_What is required_
Only the lines from the one containing "Miss Elaine Tricot" through the last line of the material should be copied, exactly as written and without pictures.

_Exercise materials_
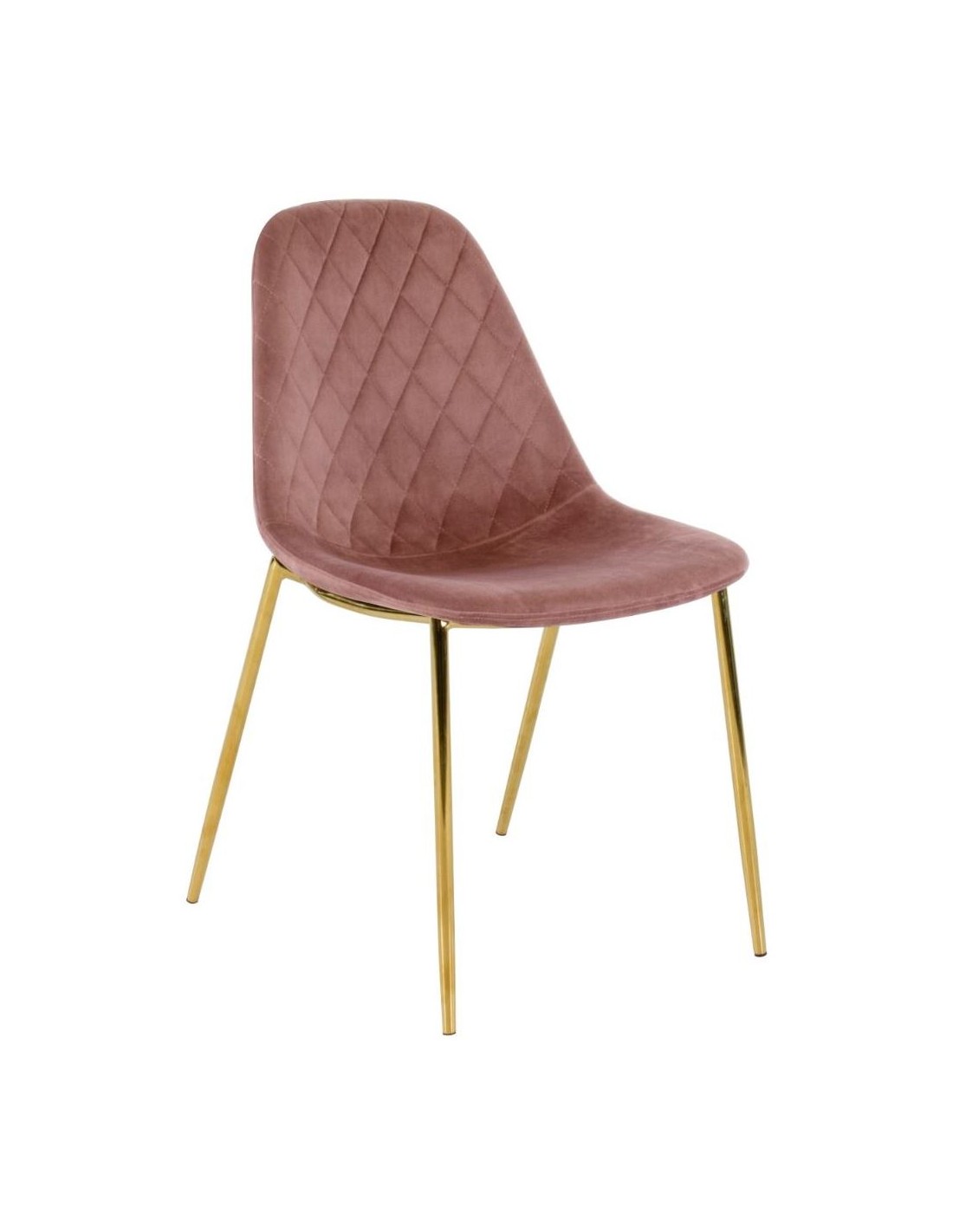 Tara spisebordsstol i metal og velour H84 cm - Guld/Rosa
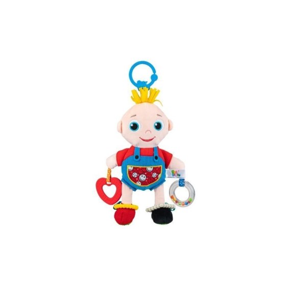 Bobas dla bobasa! Wesoła, materiałowa lalka w kształcie małego chłopczyka to zawieszka, która towarzyszyć może dziecku w dowolnym miejscu, zarówno na spacerze, jak i w domowym zaciszu. Zabawka kryje w sobie wiele niespodzianek. Zdobią ją gryzaki oraz grzechotka, a sam materiał, z którego została wykonana, odznacza się zróżnicowanymi fakturami, które stymulować będą zmysł dotyku dziecka. Praktyczna zawieszka pozwoli przyczepić lalkę w dowolnym miejscu.
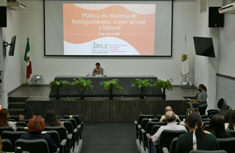 Xalapa, Ver., a 29 de abril de 2022. El Organismo Público Local Electoral del Estado de Veracruz (OPLE), a través de la Comisión Permanente de Igualdad de Género y No Discriminación, en coordinación con la Comisión Estatal de Derechos Humanos (CEDH), impartieron la plática en materia de hostigamiento, acoso sexual y laboral en el Auditorio “Leonardo Pasquel”, a cargo de la Mtra. Yeralding Sánchez Morales, titular de la Unidad para la Igualdad de Género de la CEDH.
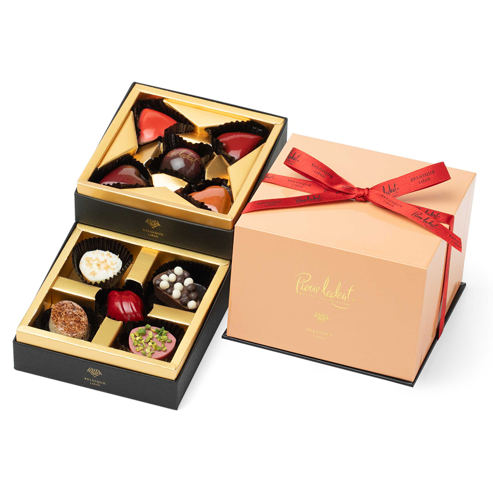 長年愛されているプラリネとキャラメルが2層になった食べ応えのあるシュバリエと、新作ショコラを含むストロベリーを使用したボンボンや、シャンパンとラズベリー、モレロチェリーのガナッシュなどフルーツフレイバーを中心にしたアソート。鼻腔をくすぐる香りに魅了されて。
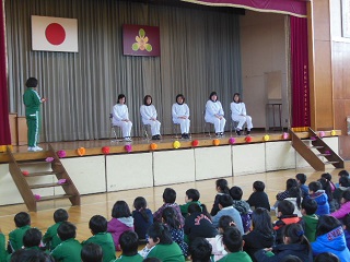 いつも給食を作ってくださっている調理員の方々をご招待して、全校生で感謝の気持ちを表しました。
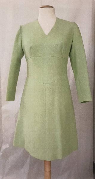 Abito da giorno linea a trapezio in lana verde chiaro, manica lunga. \nfodera in taffetas di seta in colore.\nnastrini all'interno delle spalline chiusi con automatici trattengono le spalline del reggiseno.
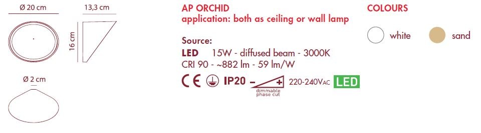 Whether you’re looking to illuminate a hallway, living room, or bedroom, Orchid’s minimalist design and versatile color make it a versatile lighting solution for any modern interior. Pair it with other pieces from the Orchid collection such as ceiling lamps, suspended lamps, and floor lamps to create a cohesive and stylish lighting scheme throughout your home.
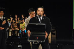 選挙管理委員の296さんがリングに。選挙結果の入ったアタッシュケースを開く(右写真)。
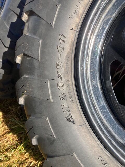 Maxxis 26x8x14 and 26x10x14 fronts and rears. Tires have about 500 miles on them. Lots of miles left. No holes, pathces, or plugs.
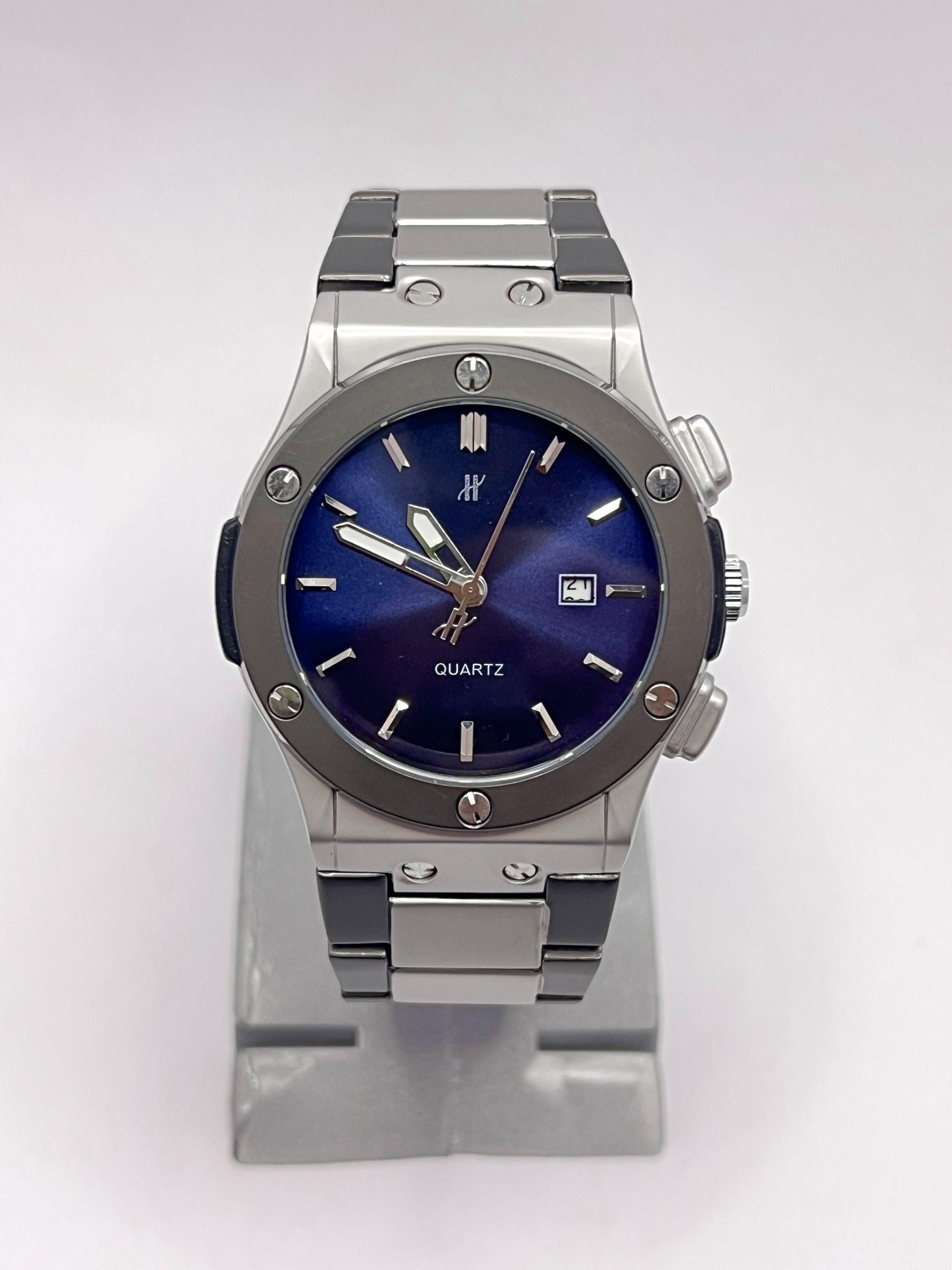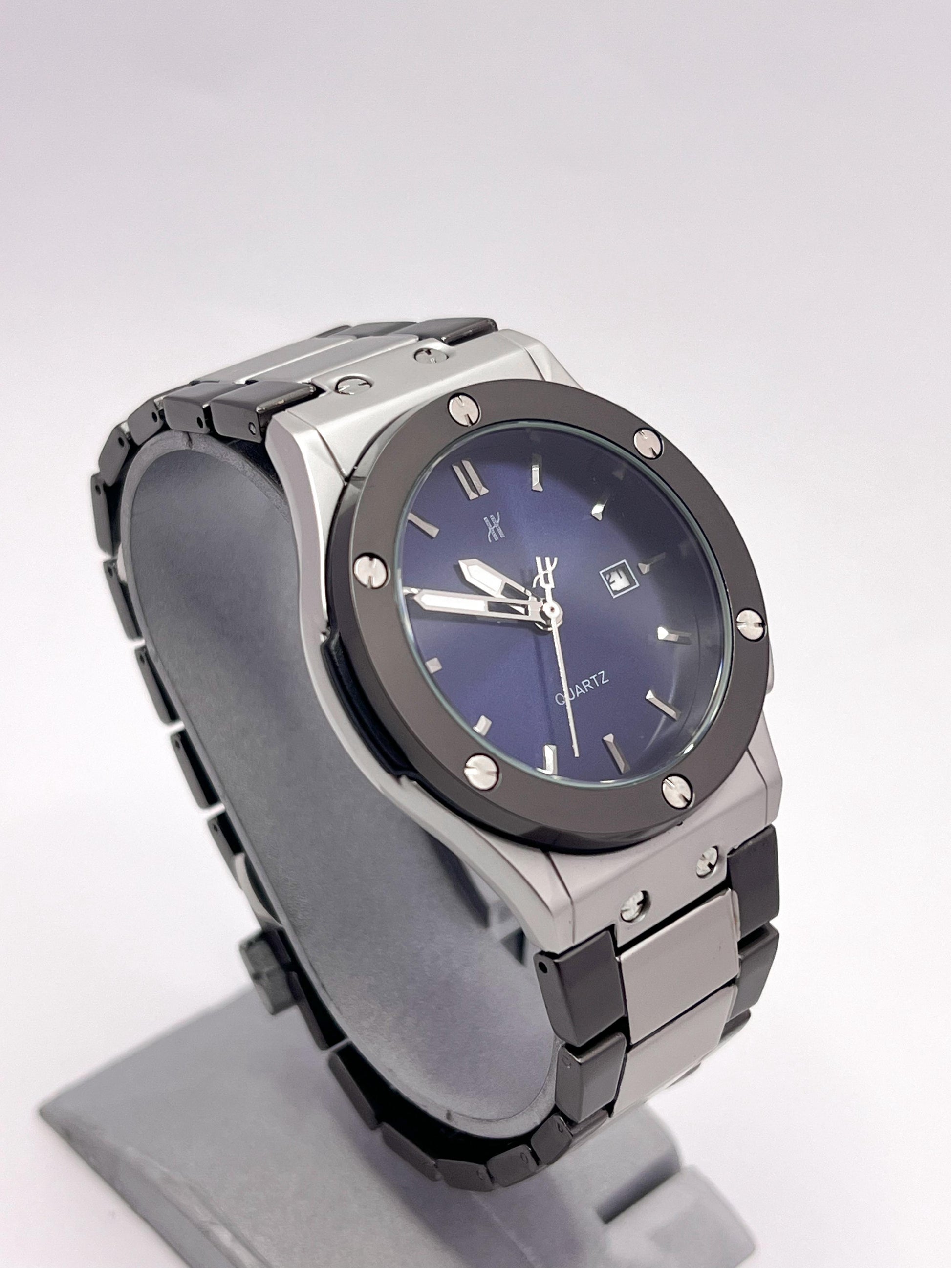 Make a bold statement with this Hublot-inspired Classic Fusion men's watch — a perfect blend of luxury style and everyday wearability. Designed to resemble the iconic Hublot Classic Fusion, this timepiece features a striking blue dial, signature “H” screw bezel design, and a durable stainless steel finish.
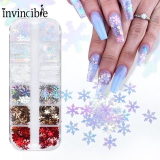 Hộp Kim Tuyến 12 Ngăn Hình Bông Tuyết 3D Trang Trí Móng Tay
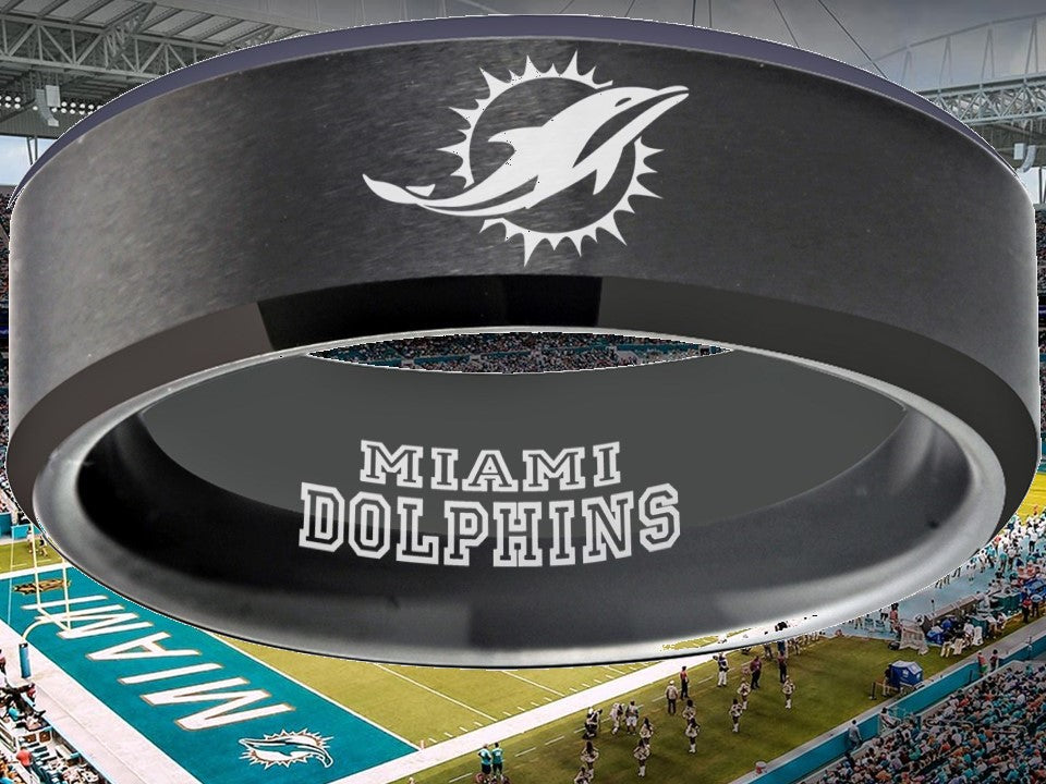 Miami Dolphins Ring matte Black Tungsten Wedding Ring #miami #dolphins #miamidolphins
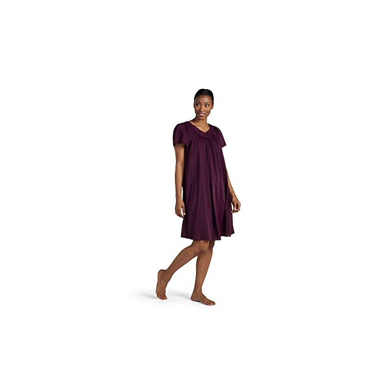 Miss Elaine Tricot Nightgown, Short Sleep Dress With Comfortable Lightweight Fabric, Flutter Sleeves (Medium, Eggplant)
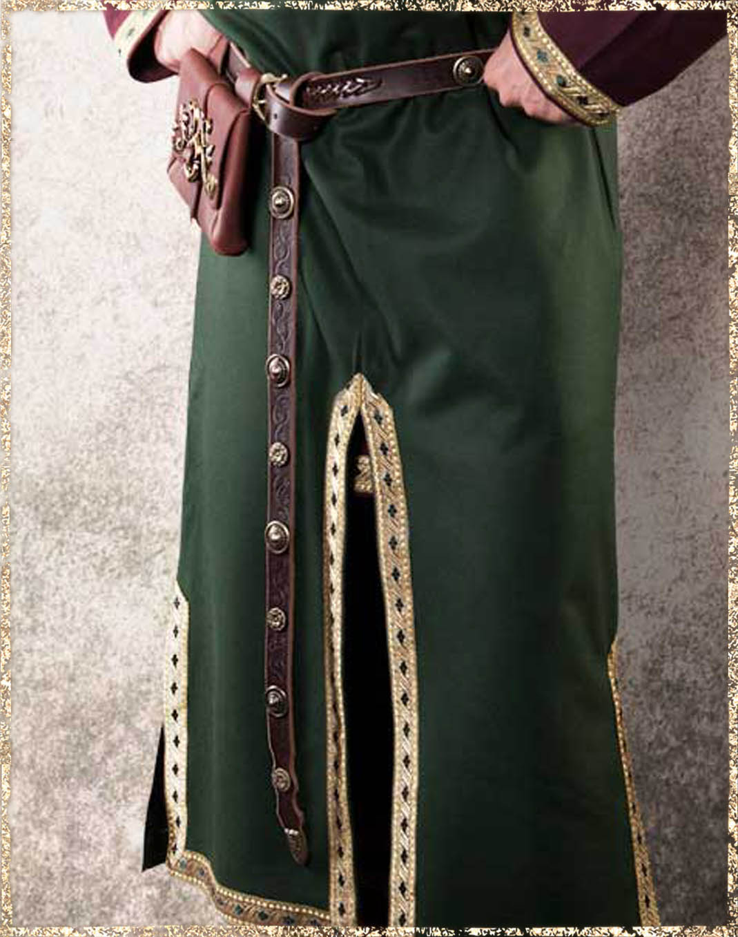 Durch die Überlänge lässt sich der Gürtel im typischen mittelalterlichen Stil tragen, locker gebunden und elegant herabhängend.
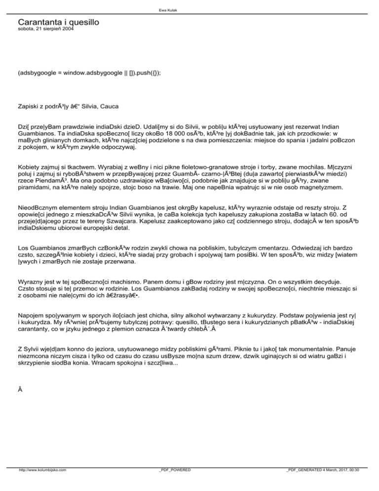 Zapiski z podró|y – Silvia, Cauca

_Response_
 Miss Elaine Tricot Nightgown, Short Sleep Dress With Comfortable Lightweight Fabric, Flutter Sleeves (Medium, Eggplant)
 Durch die Überlänge lässt sich der Gürtel im typischen mittelalterlichen Stil tragen, locker gebunden und elegant herabhängend.
 Zapiski z podró|y – Silvia, Cauca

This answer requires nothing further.